• Task item:
Give back, unaltered, the lines from the one with "ワコール Wacoal レディスインナー" to the end of the material, omitting pictures.

• Supplied material:
##########

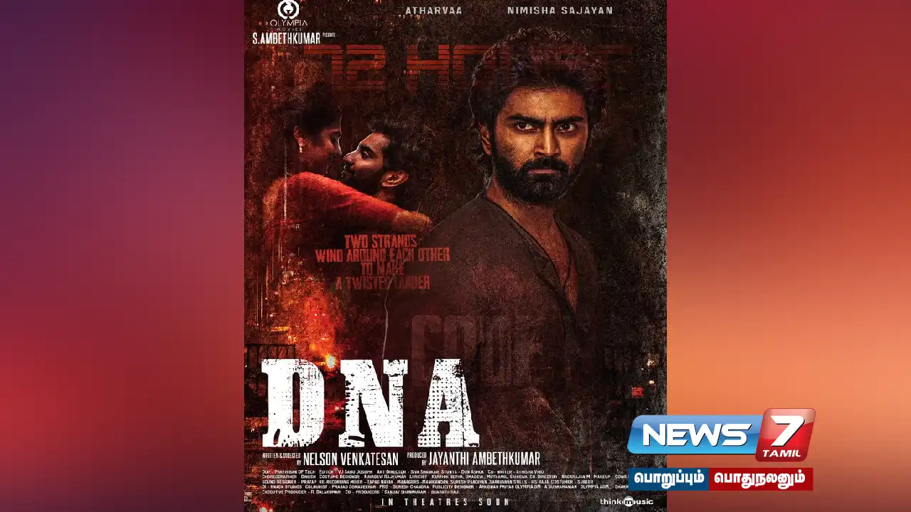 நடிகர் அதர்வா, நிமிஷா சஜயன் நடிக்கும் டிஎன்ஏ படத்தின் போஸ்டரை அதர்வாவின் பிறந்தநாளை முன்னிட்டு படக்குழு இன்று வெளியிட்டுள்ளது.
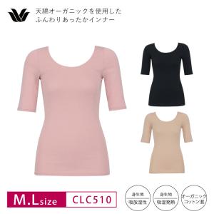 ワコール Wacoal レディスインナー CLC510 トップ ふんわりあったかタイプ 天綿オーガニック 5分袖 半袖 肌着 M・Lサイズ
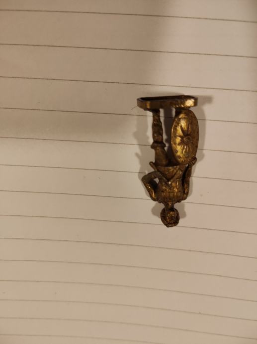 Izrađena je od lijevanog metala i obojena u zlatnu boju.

##########

• Answer box:
 ワコール Wacoal レディスインナー CLC510 トップ ふんわりあったかタイプ 天綿オーガニック 5分袖 半袖 肌着 M・Lサイズ
 Izrađena je od lijevanog metala i obojena u zlatnu boju.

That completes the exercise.